Colombia: la mano elenista nell’attentato a Bogotà

il: 23 Gennaio 2019

Sono passati alcuni giorni dall’attentato che lo scorso 17 gennaio ha ferito a morte la città di Bogotà: l’autobomba che è esplosa nella scuola di polizia Santander – uccidendo 21 giovani cadetti e provocando il ferimento di almeno 65 persone – ha creato un cordoglio generale, ma soprattutto la risposta immediata del governo Duque che fin dalle prime ore aveva attribuito all’esercito guerrigliero ELN la paternità della strage, rompendo unilateralmente il processo di pace e spiccando un mandato di cattura per una decina di guerriglieri.

Da due giorni si sa che in effetti è stato l’ELN: in un comunicato pubblicato nel portale ‘Eln-Voces’, la guerriglia sostiene che l’attacco è stato realizzato contro “un’ istallazione militare” come risposta all’assedio e agli omicidi perpetrati contro le proprie basi militari in varie parti del Paese. Il gruppo ha chiesto al presidente Iván Duque di inviare nuovamente “la sua delegazione di dialogo al tavolo negoziale” esistente a Cuba, affermando che “il cammino della Colombia non è la guerra, ma la pace”.

La situazione della Colombia – che dalla firma degli accordi di pace con le FARC- Ep nel dicembre del 2016 registra un’efferata ondata di violenza in particolare contro attivisti e leader comunitari – si complica ulteriormente.

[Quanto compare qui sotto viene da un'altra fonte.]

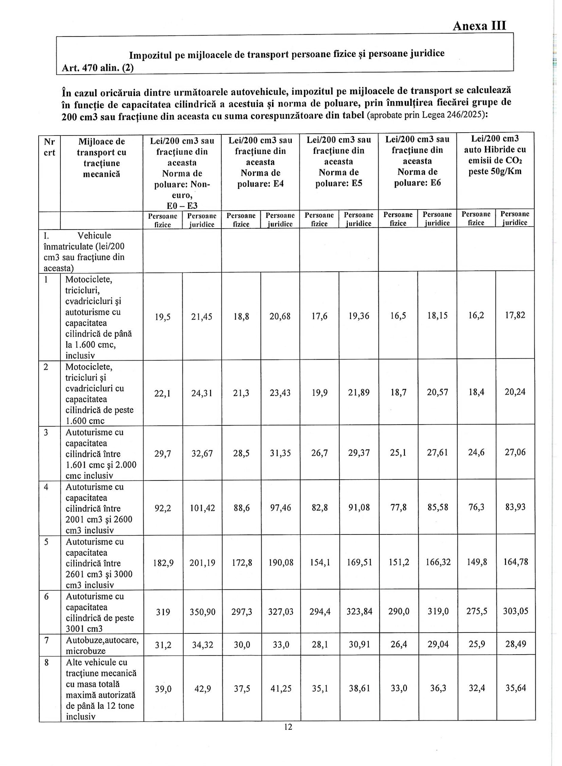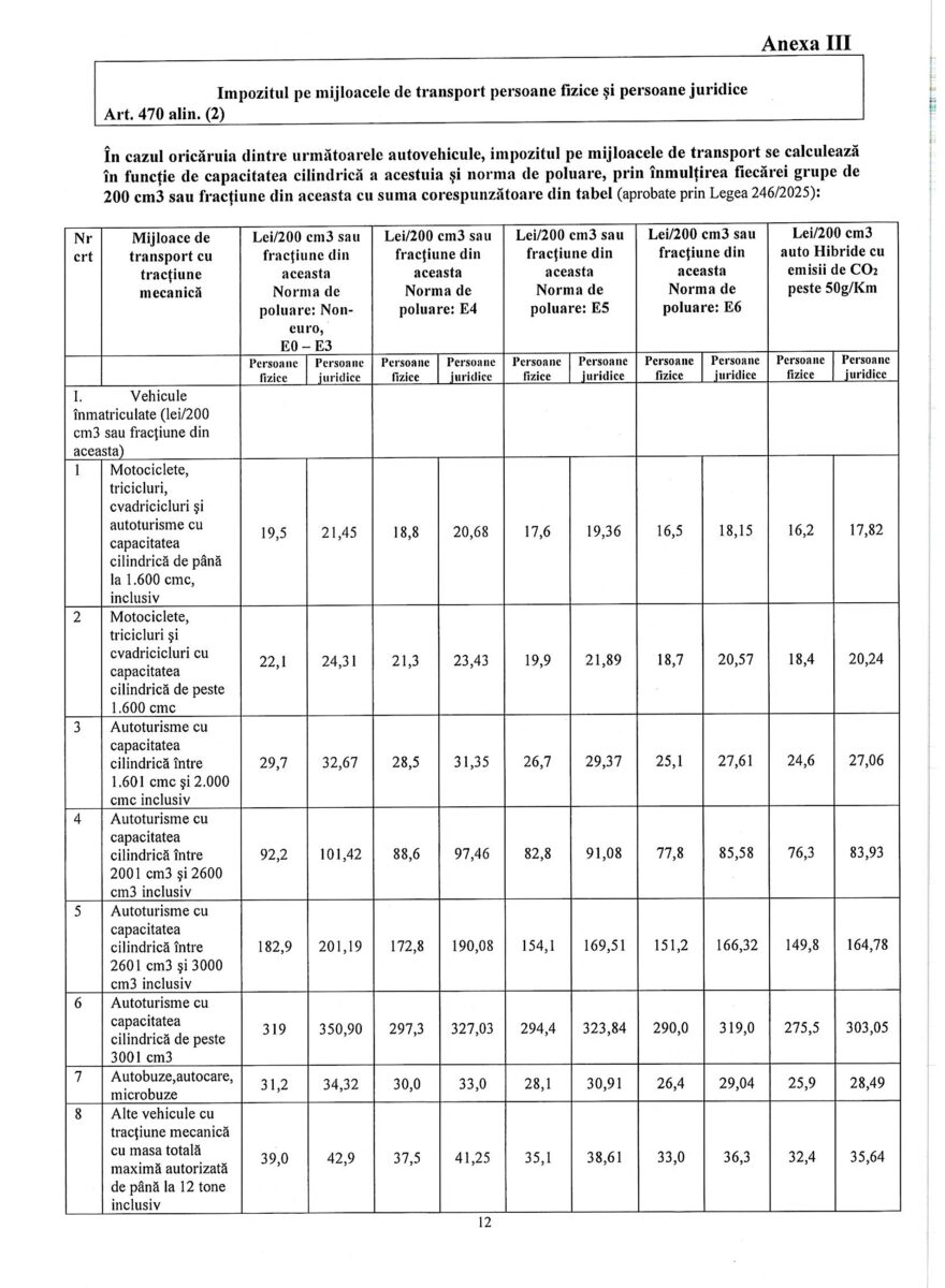 De exemplu, pentru o mașină de 1.600 cmc cu norma Euro 4, impozitul anual va fi de 150,4 lei, față de 96 de lei cât se plătea până acum. Pentru autoturisme sub Euro 4, suma crește la 156 de lei, iar pentru Euro 5 scade la 140,8 lei, respectiv 132 de lei pentru Euro 6. Mașinile hibride cu emisii peste 50 g/km vor avea un impozit de 129,6 lei.

Molte le organizzazioni per i diritti umani che chiedono al presidente Duque di non cadere nella trappola della violenza e di proseguire il cammino per la costruzione della pace. Ivan Cepeda, senatore del Polo Democratico, ha chiesto ufficialmente che venga rispettato il protocollo convenuto con l’ELN, e che non violi il diritto internazionale umanitario. “La società colombiana deve essere unita e chiedere sia al governo che alla guerriglia di tornare a sedersi alla tavola del dialogo”.

Il presidente Duque fin dalla campagna elettorale dell’anno scorso aveva improntato parte del suo programma politico proprio alla chiusura degli accordi di pace con gli elenos e al non rispetto di parte degli accordi di pace già sottoscritti dal precedente governo Santos con le Forze Armate Rivoluzionarie della Colombia – FARC.

E mentre la Norvegia – in qualità di Paese garante del processo di pace – con una conferenza stampa risponde alla Cancelleria colombiana che il suo compito di traghettare verso la pace la Colombia non può venir meno, il presidente Duque insiste per la rottura unilaterale degli accordi e l’estradizione dei 10 capi elenisti che in questo momento sono sotto la protezione del governo cubano.

In questo delicato contesto diplomatico, la comunità internazionale si cela per la grande maggioranza dietro un assordante silenzio: Federica Mogherini come Alto Rappresentante EU ha condannato l’attentato, mentre l’ambasciatrice UE per la Colombia Patricia Llombart ha espresso il suo cordoglio.

Ma è solo la Germania ad esporsi, chiedendo esplicitamente al governo Duque di non rinunciare al processo di pace in corso.

L’appello più forte parte comunque dalle comunità colombiane, appoggiate dalle organizzazioni per i diritti umani fra cui Justicia y Paz Colombia: l’escalation di dichiarazioni forti da parte del governo colombiano non lasciano spazio ad elaborazioni più complesse e non menzionano il dato più terrificante della guerra interna colombiana: i 400 leaders assassinati – cifra che è frutto delle relazioni della Onu, della Defensoría, di Marcha Patriótica e della Cumbre Agraria – dalla firma degli accordi di pace, per interrompere ogni forma di auto organizzazione dal basso e di costruzione di dinamiche di pacificazione nei territori.

Il 2019 è iniziato nel peggiore dei modi, con il ritmo di un defensores al giorno ammazzato, a causa delle dinamiche che stanno alla base del conflitto colombiano, e che vedono gruppi paramilitari, narcos, guerriglia e connivenza con l’esercito colombiano, costruire una braccio mortifero in quasi tutte le regioni della Colombia.